INPUT FOR THIS TASK: Begin
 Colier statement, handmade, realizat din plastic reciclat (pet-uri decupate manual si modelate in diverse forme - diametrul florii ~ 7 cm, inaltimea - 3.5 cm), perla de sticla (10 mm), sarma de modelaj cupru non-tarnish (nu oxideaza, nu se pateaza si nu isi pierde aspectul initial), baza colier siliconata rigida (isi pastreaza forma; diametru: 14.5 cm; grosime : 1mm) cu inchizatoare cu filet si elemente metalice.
INPUT FOR THIS TASK: End
INPUT FOR THIS TASK: Begin
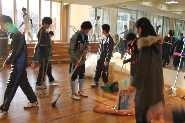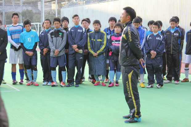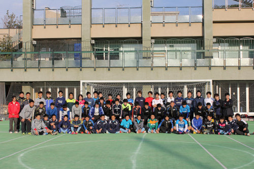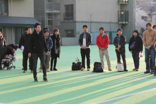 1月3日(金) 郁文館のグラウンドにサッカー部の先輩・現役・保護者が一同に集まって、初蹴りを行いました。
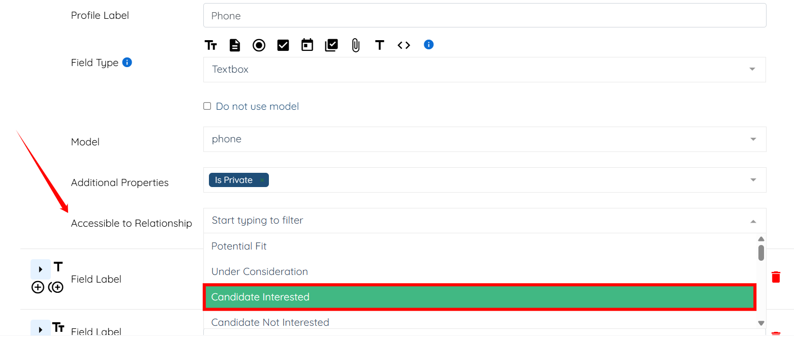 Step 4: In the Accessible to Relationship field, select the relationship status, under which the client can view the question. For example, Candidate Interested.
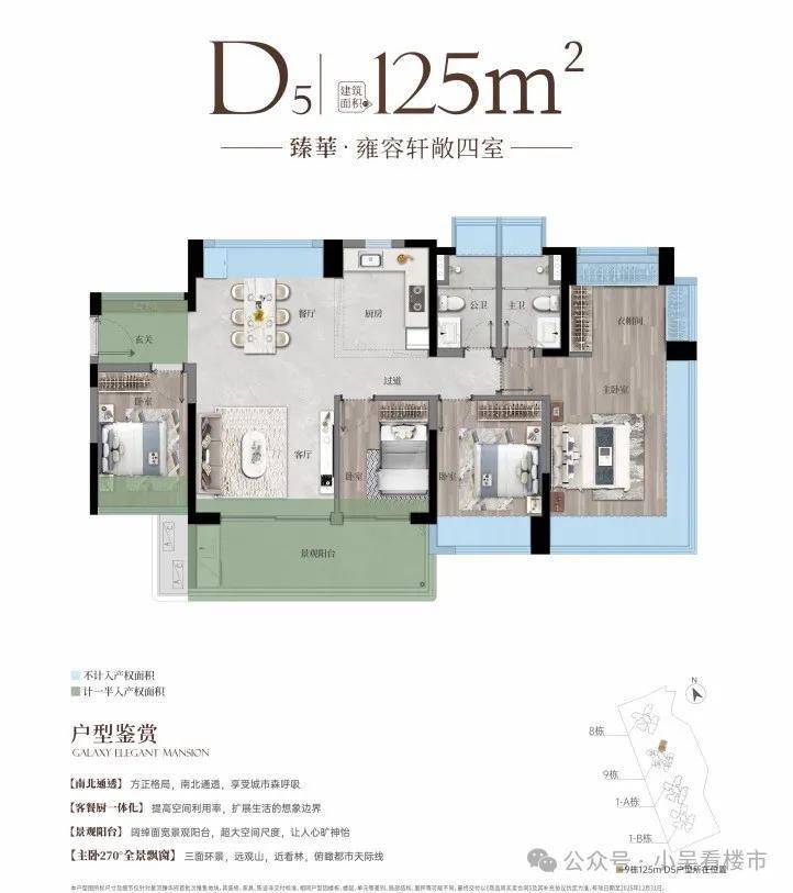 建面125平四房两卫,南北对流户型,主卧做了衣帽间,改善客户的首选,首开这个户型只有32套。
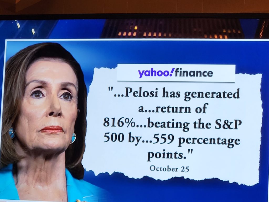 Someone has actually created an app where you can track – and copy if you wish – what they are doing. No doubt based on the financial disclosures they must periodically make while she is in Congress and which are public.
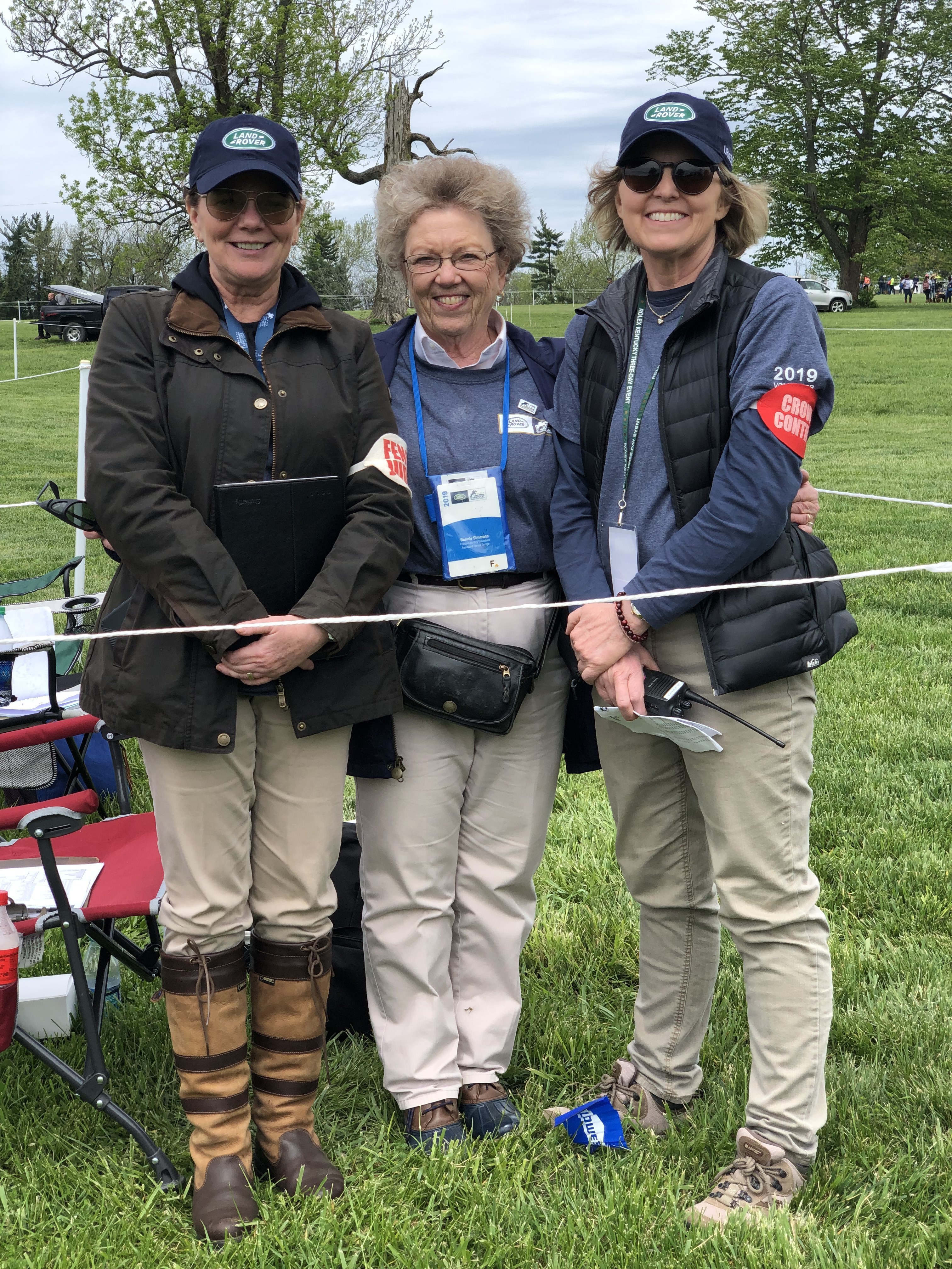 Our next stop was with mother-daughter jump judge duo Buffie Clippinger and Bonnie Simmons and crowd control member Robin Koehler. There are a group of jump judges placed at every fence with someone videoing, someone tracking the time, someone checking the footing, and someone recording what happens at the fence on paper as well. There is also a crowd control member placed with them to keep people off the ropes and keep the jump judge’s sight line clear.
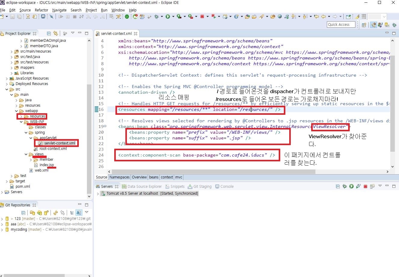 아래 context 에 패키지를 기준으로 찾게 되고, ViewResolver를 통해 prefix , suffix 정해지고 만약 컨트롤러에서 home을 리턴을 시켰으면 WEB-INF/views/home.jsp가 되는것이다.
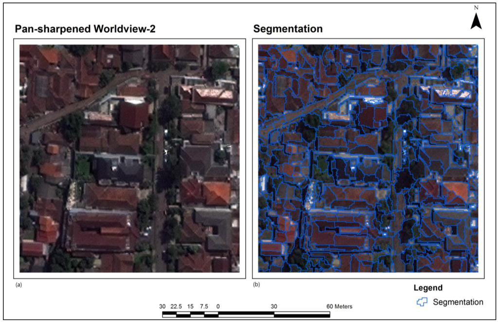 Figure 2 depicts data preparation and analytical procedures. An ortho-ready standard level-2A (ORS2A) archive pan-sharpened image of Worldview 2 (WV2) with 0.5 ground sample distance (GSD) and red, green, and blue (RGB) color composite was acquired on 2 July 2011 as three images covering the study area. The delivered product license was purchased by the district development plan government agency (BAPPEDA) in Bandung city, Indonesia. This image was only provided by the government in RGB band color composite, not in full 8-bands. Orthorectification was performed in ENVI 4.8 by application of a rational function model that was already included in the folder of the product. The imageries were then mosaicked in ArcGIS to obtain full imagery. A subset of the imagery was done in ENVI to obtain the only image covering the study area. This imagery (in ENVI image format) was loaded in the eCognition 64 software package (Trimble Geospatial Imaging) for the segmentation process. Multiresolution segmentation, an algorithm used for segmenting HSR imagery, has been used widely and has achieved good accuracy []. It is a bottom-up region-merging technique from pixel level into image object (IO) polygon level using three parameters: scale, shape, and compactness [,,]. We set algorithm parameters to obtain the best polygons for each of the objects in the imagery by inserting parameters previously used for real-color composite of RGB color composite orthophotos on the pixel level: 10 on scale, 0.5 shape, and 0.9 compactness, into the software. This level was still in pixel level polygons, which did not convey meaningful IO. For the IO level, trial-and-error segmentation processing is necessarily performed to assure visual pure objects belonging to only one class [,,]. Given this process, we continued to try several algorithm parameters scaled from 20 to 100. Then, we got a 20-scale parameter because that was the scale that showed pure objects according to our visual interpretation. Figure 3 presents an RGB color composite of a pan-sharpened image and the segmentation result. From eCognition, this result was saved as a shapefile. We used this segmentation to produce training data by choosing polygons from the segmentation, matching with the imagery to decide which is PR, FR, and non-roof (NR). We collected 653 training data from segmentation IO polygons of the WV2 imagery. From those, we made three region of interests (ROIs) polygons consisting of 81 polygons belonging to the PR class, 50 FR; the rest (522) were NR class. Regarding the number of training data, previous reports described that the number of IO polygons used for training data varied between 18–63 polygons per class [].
INPUT FOR THIS TASK: End
TASK STATEMENT ▸
From the records above, copy exactly the stretch from the line holding "1月3日(金) 郁文館のグラ" through the line holding "Someone has actually", both ends included, without the pictures.

RESULT OF THIS EXERCISE ▸
 1月3日(金) 郁文館のグラウンドにサッカー部の先輩・現役・保護者が一同に集まって、初蹴りを行いました。
 Step 4: In the Accessible to Relationship field, select the relationship status, under which the client can view the question. For example, Candidate Interested.
 建面125平四房两卫,南北对流户型,主卧做了衣帽间,改善客户的首选,首开这个户型只有32套。
 Someone has actually created an app where you can track – and copy if you wish – what they are doing. No doubt based on the financial disclosures they must periodically make while she is in Congress and which are public.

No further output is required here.